Harvard Square’s elegant restaurants were the Blacksmith House, on Brattle Street (site of Longfellow’s “spreading chestnut tree”), where the wait staff were refugees and the pastries were heavenly; Chez Dreyfus, on Church Street, which served rabbit; and Chez Jean, on Shepard Street, where you could afford a superb French dinner. At the Harvard Faculty Club, horse steak was the cheapest item on the menu. There were cream-cheese-and-caviar sandwiches on bulky rolls to go at Elsie’s on Mt. Auburn Street, sublime hamburgers at Mr. Bartley’s, and hundreds of varieties of imported beer at the Wursthaus. Cold lazy man’s lobster was only $2.50, when the Coach Grill on Boylston Street (now JFK Street) had it on special. And the terrific hot dogs at the tiny Tastee, right in the middle of Harvard Square, were even cheaper. Only the Chinese-restaurant situation was as dire then as it is now. We had to wait for Joyce Chen, at her fancy new restaurant on Memorial Drive, to introduce us to sizzling Sichuan cuisine.
At the Brattle Theatre, the entire audience shouted (correctly), “Play it, Sam” and “I’m shocked, shocked” along with Humphrey Bogart and Claude Rains during the regular Bogart festivals. Then everyone would go a few steps for the perfect martini at the Casablanca or coffee at the Blue Parrot, or for fancy soaps or aromatic candles at Truc, in the same building.
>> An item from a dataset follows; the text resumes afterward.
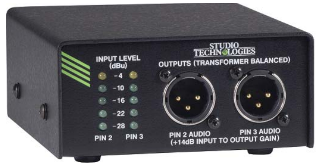
View showing level meters and audio outputs

IFB or intercom audio signals to be combined and/or routed to other local or remote talent or production personnel cue systems. Other applications may arise where an amplified speaker needs to be used to monitor an IFB or intercom circuit. The Model 72’s audio outputs will make achieving this fast and simple.

Storefronts hadn’t yet been boarded up after student protest riots. Brine’s was the sporting-goods store of choice, Dickson Brothers the place for hardware. I still have a three-inch-wide bright yellow tie dotted with pink roses from Krackerjacks. And there were countless bookstores, new and used, wherever you turned. Pangloss, the Star, Schoenhof’s for foreign books (fortunately still in business), later the Temple Bar. What a shock when Mr. (did I ever learn his first name?) Rosen’s beloved Mandrake moved from JFK to Story Street. The Grolier was not only a place where you could find practically every book of poems in print, it was also where you could hang out with other poets, or overhear the people sitting on owner Gordon Cairnie’s couch talking about poetry. Robert Lowell was teaching at Harvard and everyone — anyone (you didn’t have to be a Harvard student) — who knew about his weekly “office hours” could bring their poems to an airless, windowless, smoke-filled basement room under Harvard’s Quincy House dining hall. Such “local” poets as Frank Bidart, Robert Pinsky, and Gail Mazur were among the regulars, as were such talented undergraduates as Jonathan Galassi (now editor-in-chief at Farrar, Straus, and Giroux) and controversial biographer and memoirist James Atlas. After “office hours,” we’d follow Lowell to the Iruña (just closed this year) for Basque omelets and sangria and try to stop him from picking up the check.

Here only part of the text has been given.